DALES: Edward Skur! Man: Hey! who's down there?!
[commercial break]
FBI HEADQUARTERS WASHINGTON, D.C.
TV: Dateline, Washington--the Justice Department vows no
mercy for A-bomb spies. Julius and Ethel Rosenberg once again manage to delay their date
with the electric chair. Prosecutors say they are confident judge Kaufman's death sentence
will be upheld by the highest court in the land.
DALES [narrating]: The world still seemed clear that morning.
Despite what I'd seen the night before, I still thought I knew who the bad guys and the
good guys were. But all that was about to change.
MICHEL: Hang up.
DALES: Let me call you back.
MICHEL: What did the watch commander say?
DALES: They're going door-to-door in the neighborhood.
There's no sign of him yet.
MICHEL: They're not going to find him, Artie. Open it up.
DALES: Skur...
MICHEL: Maybe you want to change your description of the
suspect who assaulted you.
DALES: When were these taken?
MICHEL: Last night. Two hours before you say Skur attacked
you. You had a few. You were feeling bad about what happened. It's understandable.
DALES: I... I didn't have that much to drink.
MICHEL: Just leave Skur's name out of your report. Nobody
else has to know.
DALES: I already filed my report. An hour ago.
MAN: Dales. Call for you.
DALES: Yes. I'll be right there. [to Michel] it's the Justice
Department. They want to talk to me.
ROY M. COHN SPECIAL ASSISTANT TO THE ATTORNEY GENERAL
INTERNAL SECURITY [...]
COHN: Agent Dales, have a seat. You know who I am?
DALES: You prosecuted the Rosenbergs. Now you're working with
Mr. Hoover and, uh, senator McCarthy.
COHN: Then you know how important my work is--how vital it is
to the future of this country that these rats, these vermin, who dare call themselves
Americans be exposed as the traitors they are.
DALES: I don't interest myself in politics, Mr.
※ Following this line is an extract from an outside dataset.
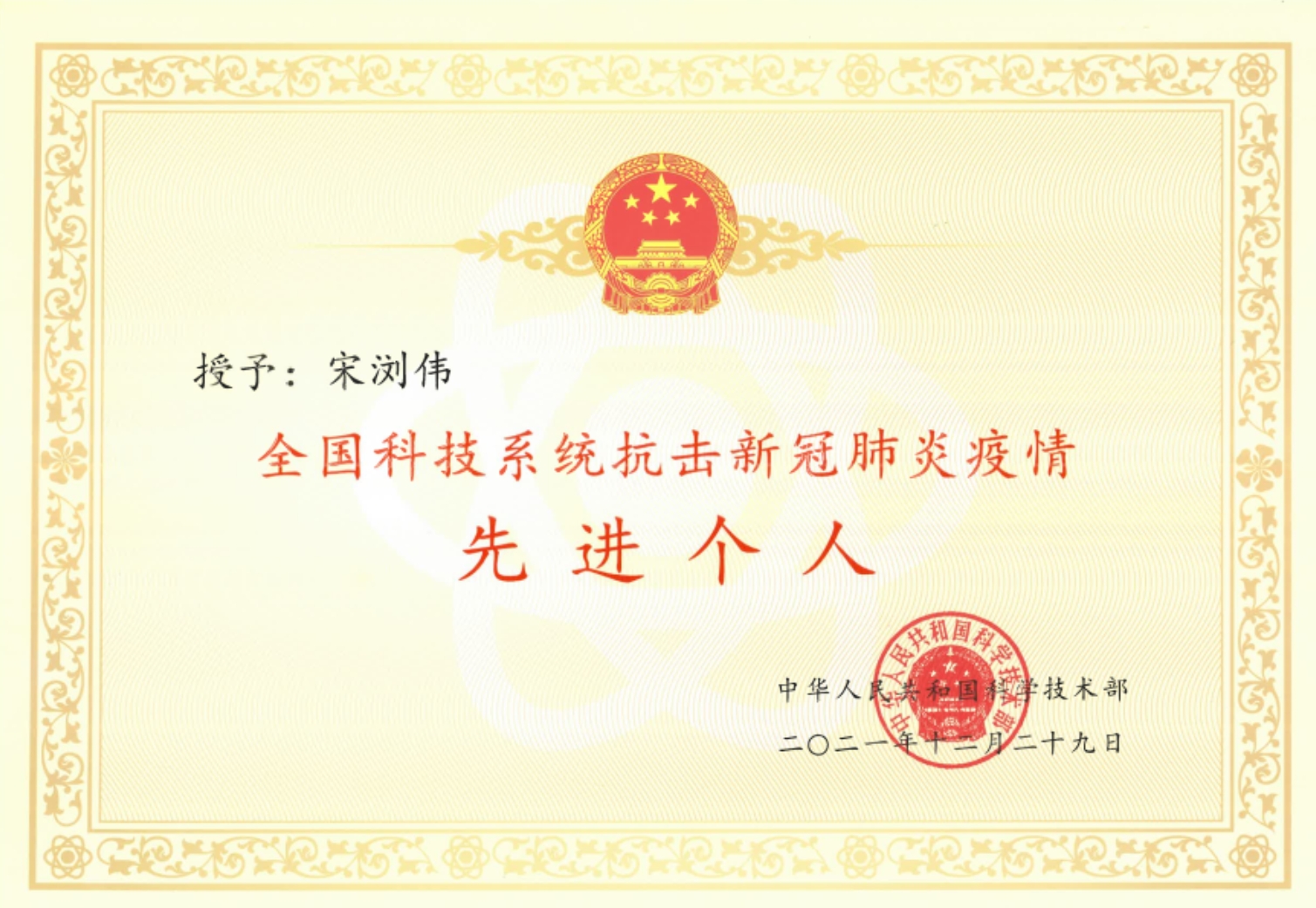 宋瀏偉,中共黨員,安徽六安市舒城縣人。2004年畢業(yè)于舒城中學(xué),同年考入廈門大學(xué),系廈門大學(xué)2015屆本碩博連讀研究生,廈門萬(wàn)泰凱瑞生物技術(shù)有限公司研發(fā)總監(jiān)。2022年獲全國(guó)科技系統(tǒng)抗擊新冠肺炎疫情先進(jìn)個(gè)人表彰。

Cohn.
COHN: Everything is political, agent Dales. Like this report
you filed this morning. We've spoken to Mrs. Skur and the neighbors. You seem to be the
only person who can identify that man as Edward Skur.
DALES: Do you believe me, then?
COHN: We are fighting a powerful enemy in a war of ideology.
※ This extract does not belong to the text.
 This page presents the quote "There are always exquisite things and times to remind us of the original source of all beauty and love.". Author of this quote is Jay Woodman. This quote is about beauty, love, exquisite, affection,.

In any war there are secrets--truths that must be kept from the public in order to serve
the greater good.
DALES: You want me to amend my report? Take out any reference
to Edward Skur? I don't understand...
COHN: You're not supposed to understand. You're supposed to
follow orders.
WOMAN: Agent Dales?
DALES: Yeah.
WOMAN: I pulled that file.
DALES: Oh, right. Thank you.
MICHEL: Dales.
DALES [narrating]: I'd never so much as faked an expense
report or used a Bureau car to drive home, so lying didn't sit well with me, even if I was
under orders. I wanted to leave behind the business of Edward Skur and never hear that
name again. But it was too late. By then, Skur had already become a murderer.
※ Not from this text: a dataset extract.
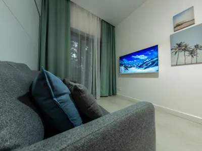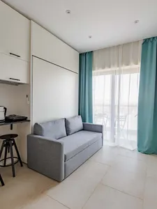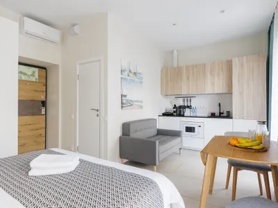 Современный ремонт, красиво, уютно. В номере есть холодильник, микроволновка, переносная плита, капсульная кофемашина. Можно заказать завтрак в номер. Красивая зелёная территория. Рядом платная парковка. Есть свой частный пляж с лежаками.

MICHEL: Homicide call came in from Chevy Chase PD. Advise and
assist.
DALES: Well, where are they?
MICHEL: Must have come and gone.
[German pop song playing]
DALES: I know this song. They were playing it the day my unit
rolled into Berlin.
MICHEL: The guy must be a kraut.
DALES: Yeah. Well-connected kraut.
MICHEL: There you go. I got six ounces of German shrapnel in
my can and this kraut got to shake hands with the president?
MICHEL: Credentials in my front coat pocket. Hey, easy on the
material. I'm agent Michel. This is my partner, agent Dales.
OFFICER 1: Who called you guys out here?
MICHEL: You did, you mope. We got the call from your
department.
OFFICER: We don't know nothing about that.
MICHEL: Then who brought you guys out here?
OFFICER 1: One of his nurses called in. Said the doc didn't
show up for surgery this morning.
MICHEL: Something tells me he ain't going to make it.
DALES [narrating]: I was summoned to the bar by a man who'd
already been to the doctor's house that morning. It was the man, agent Mulder, you came
here to ask me about.
DALES: Skur?
BILL MULDER: No. But I came here to warn you about him.
DALES: Like you warned that doctor you murdered in Chevy
Chase?
BILL MULDER: I tried to save that man, but I was too late.
DALES: Skur killed him?
BILL MULDER: He'll kill you, too.
MICHEL [looking for his cat]: Myrtle?
DALES: What are you talking about? what is this, some kind of
communist plot?
BILL MULDER: Skur's not a communist. He's a patriot. All of
these men are patriots.
DALES: What are you talking about? What men?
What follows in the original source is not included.